Formation de comités de protection au sein des communautés de personnes déplacées internes

Safa coordonne et forme actuellement des comités de protection composés de bénévoles (personnes déplacées internes et « rapatriées ») dans les communautés avec lesquelles travaille Oxfam. Il s’agit de personnes touchées par le conflit de 2014 avec Daech, une crise dans laquelle Oxfam est intervenue en fournissant des services d’eau, d’assainissement et d’hygiène ainsi que des abris. En 2020, nous avons mis en œuvre des actions en réponse à la pandémie de COVID-19, notamment dans les domaines de l’hygiène et des installations sanitaires. Les mesures de confinement mises en place pendant deux mois en Irak ont entravé ce travail et eu un effet dévastateur sur les moyens de subsistance des communautés de personnes déplacées internes, d’autant plus qu’elles n’avaient pratiquement aucun accès à des centres de soins ou d’autres services de santé.
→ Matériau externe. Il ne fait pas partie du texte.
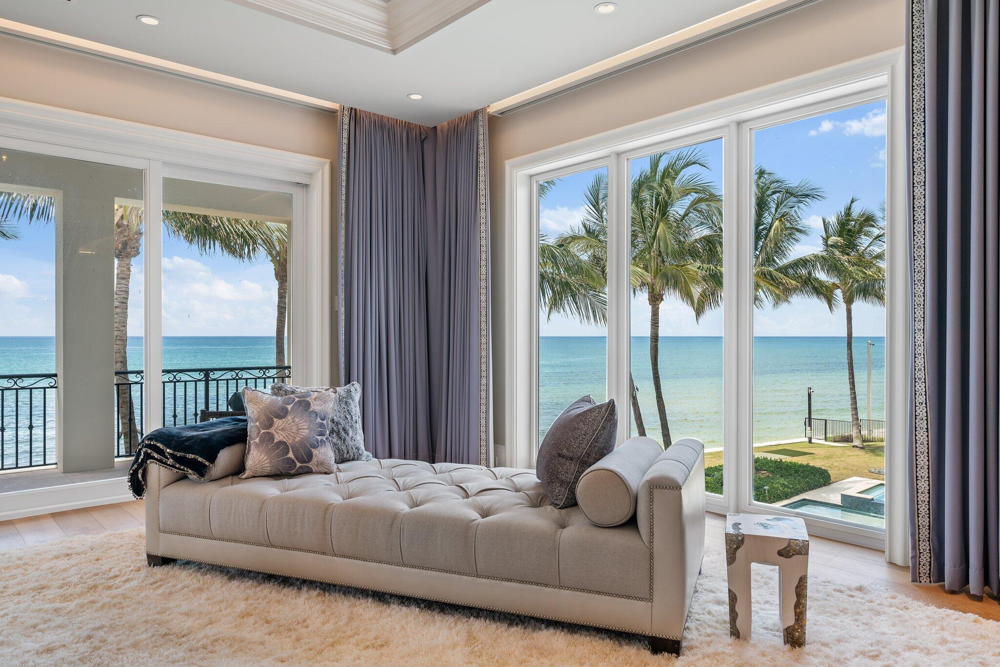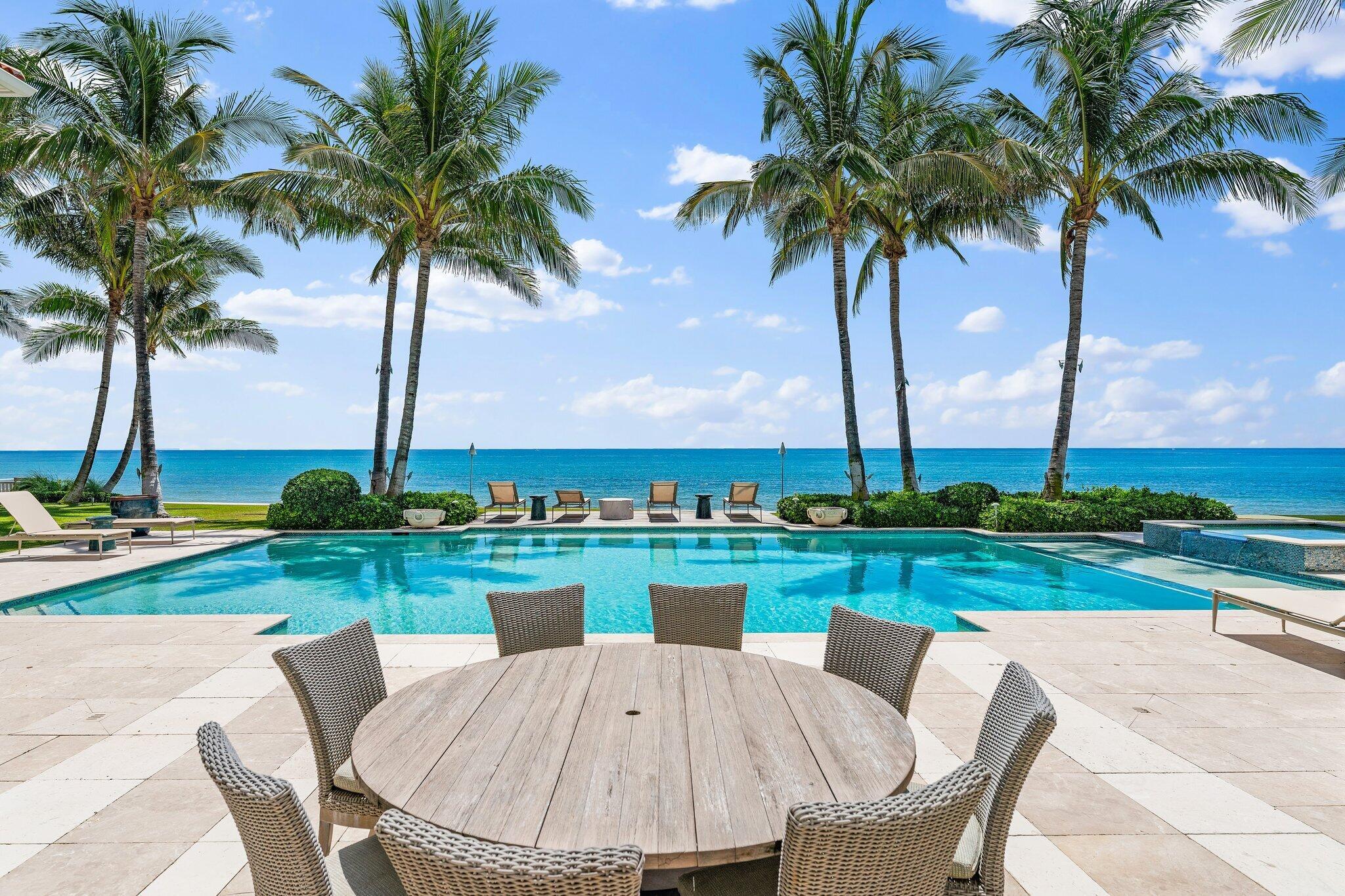 ''Villa Oceano Azul'' -1400 S Ocean Blvd. Manalapan, Florida. This magnificent estate residence is situated between the Atlantic Ocean and the Intracoastal Waterway in the exclusive estate section of Manalapan. As its name implies, this extraordinary property totals nearly 2 acres with over 200 feet of direct oceanfront and an accompanying 200 feet on the Intracoastal Waterway equipped with a full-service concrete dock. Offered fully furnished and turnkey with transitional coastal inspired interiors by Marc-Michaels Interior Design, this stunning European-inspired Villa creates graciously proportioned rooms in a grand total of 20,712 square feet with seven bedrooms, nine full and four half baths, including a guest house.
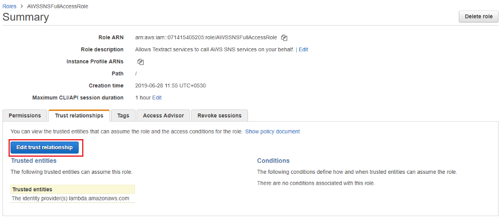 5.Go to “AWSSNSFullAccessRole” role settings and go to “Trust relationships” and click “Edit trust relationship”.
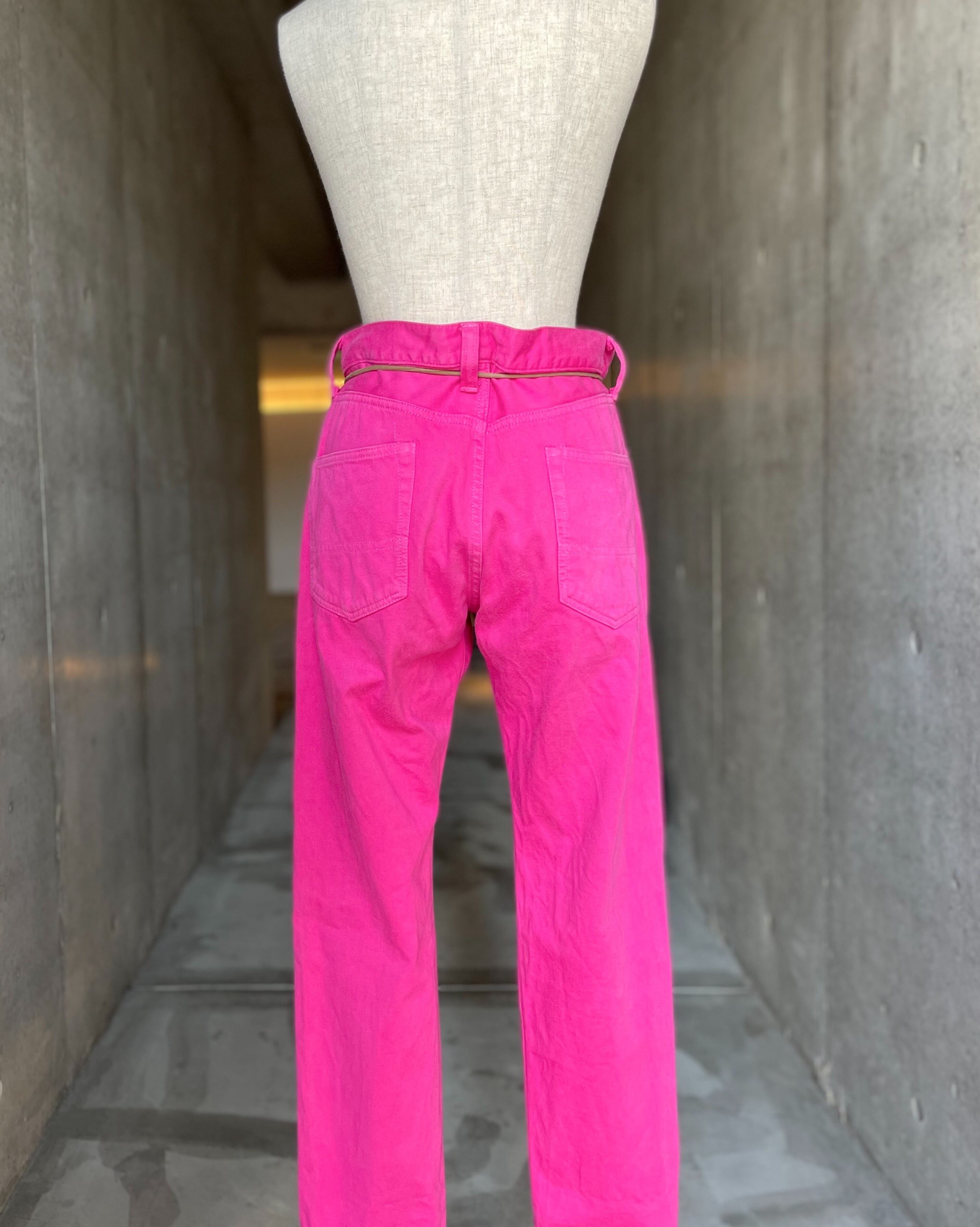 Levi's 501を連想させる適度にテーパードが掛かったシルエットはどんなスタイリングにも合わせやすく、薄着になりがちな暑い季節には重宝する一本。ビビッドなトップスを合わせてポップに着たり、黒などダークトーンでモード色を強めたり…ワードローブに加わればコーディネートの幅が拡がること間違いなしのアイテムです
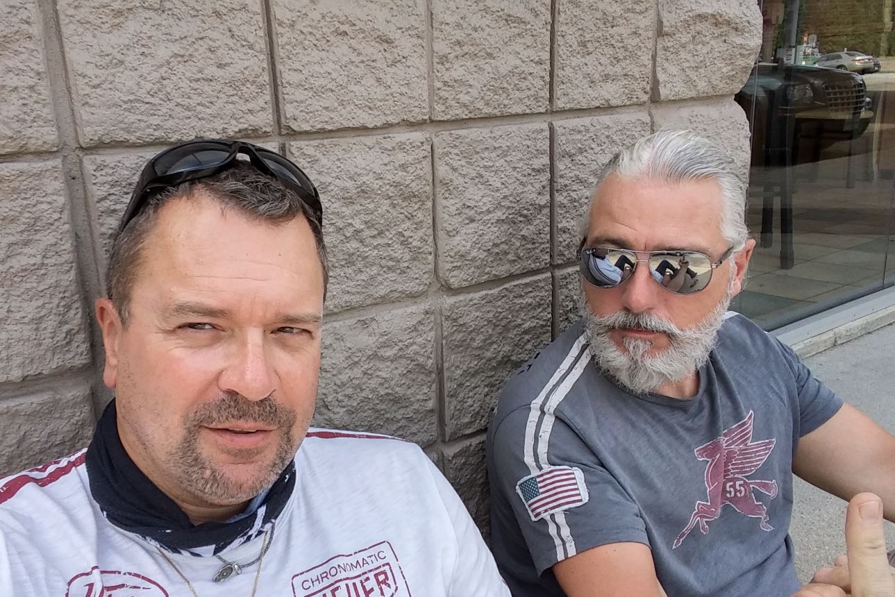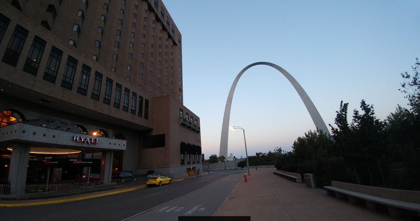 Le trip démarre par un réveil à 7h00, Phil se lève le premier et s'active déjà alors que Dom traine sous la couette en ayant un peu mauvaise conscience de ne rien entreprendre si ce n'est 10min. de physio sur les conseils de son médecin pour les douleurs dorsales d'un vieux biker. Bref, douche, préparation des sacoches et ptit déjeuner rapide au Starbuck de l'hôtel. Nous partons ensuite pour la concession qui se trouve à 10min en prenant un taxi afin d'être un peu plus tôt que prévu chez Eagle Rider. Pourtant sur place à 9h00, il y avait déjà des groupes de bikers touristes qui faisaient la queue. Finalement nous touchons nos montures vers les 10h30 et après l'ajout d'un accessoires "reposes pieds" sur la bécane de Dom que le gars lui vend USD 40.-- nous partons sur la route direction le sud, ou nous retrouvons assez rapidement la route 66 par Joliet et la 55 et 53 jusqu'à Pontiac, ville mythique de la marque automobile. Nous hésitons à visiter le musée local mais finalement nous tournons un peu dans la vieille ville au milieu d'une exposition plein air de véhicules vintage et anciens camions de l'armée US. Nous rentrons dans un bar US typique pour descendre notre premier BURGER US bien gras accompagné d'une bonne bière bien fraîche. La chaleur était déjà au RDV, d'ailleurs, elle ne nous quittera plus durant tout le trip, une moyenne de 30 degrés. Nous roulons direction St-Louis et arrivons enfin sur le site avec l'aide du GPS de Dom pour retrouver le Hyatt Regency St-Louis at the Arch Hotel rapidement au bord du Mississipi et en face de la fameuse arche, symbole de la ville.
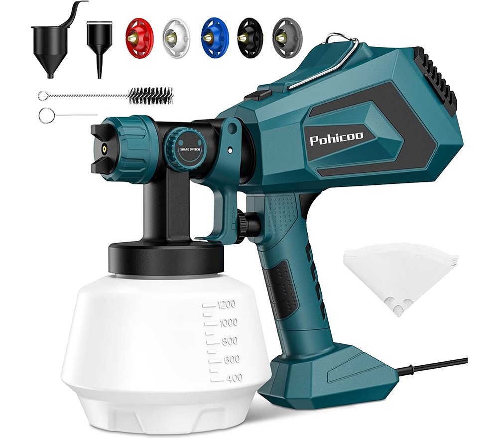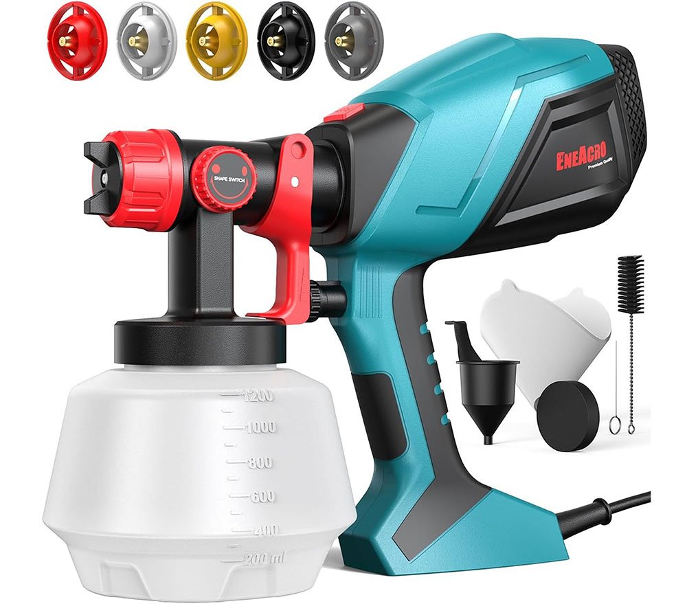 - Potencia (1200 W): apto para pinturas murales, barnices y lacas.
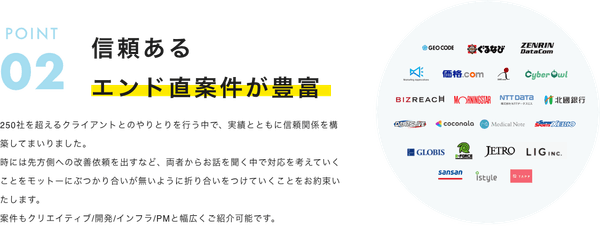②大手エージェントに引けを取らないクライアント直案件数
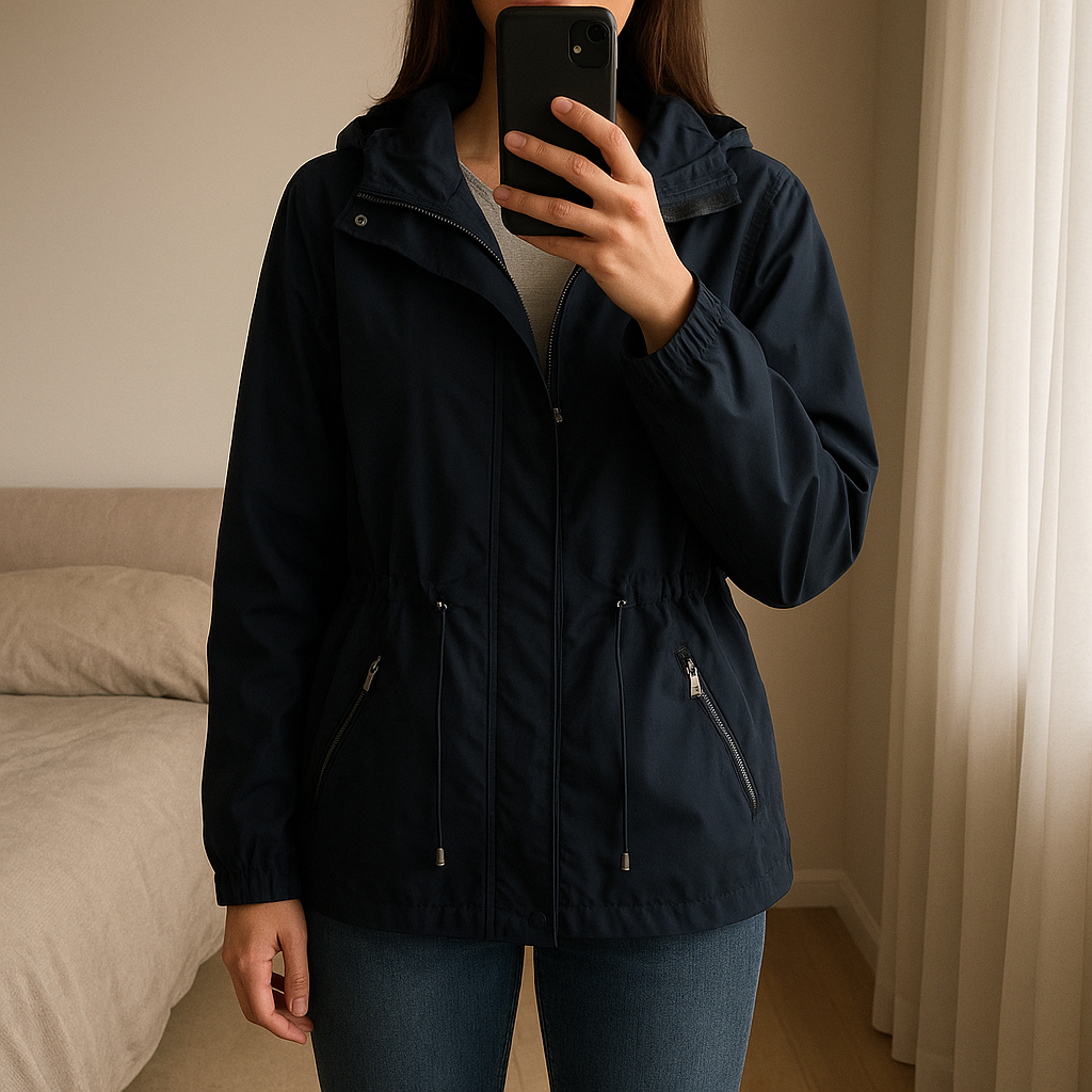 Parka leggero blu -Wampum Donna in piedi, rivolto verso la fotocamera, in una camera da letto con luce soffusa e luce naturale che filtra dalla finestra.

Malgré la pandémie, Oxfam a mené cinq formations en collaboration avec le Comité international de secours (CIS) et l’organisation Justice Center. Ces organisations ont constitué un consortium pour former les partenaires s’occupant d’affaires juridiques relatives à des cas de détention, d’exploitation sexuelle et de violences fondées sur le genre. Comme l’avait conclu le rapport d’OGB en 2019, le recours aux mécanismes de justice informels est un défi permanent pour ce travail de formation.

L’équipe de prévention et protection d’Oxfam en Irak continue néanmoins d’appuyer les partenaires qui se livrent à des batailles juridiques, en effectuant des évaluations des risques pour chaque cas signalé et en diffusant des connaissances sur les droits humains. Comme l’explique Safa : « Cela commence toujours par nos propres équipes. Chaque nouveau membre du personnel doit prendre connaissance de notre protocole de prévention et protection et de notre code de conduite ».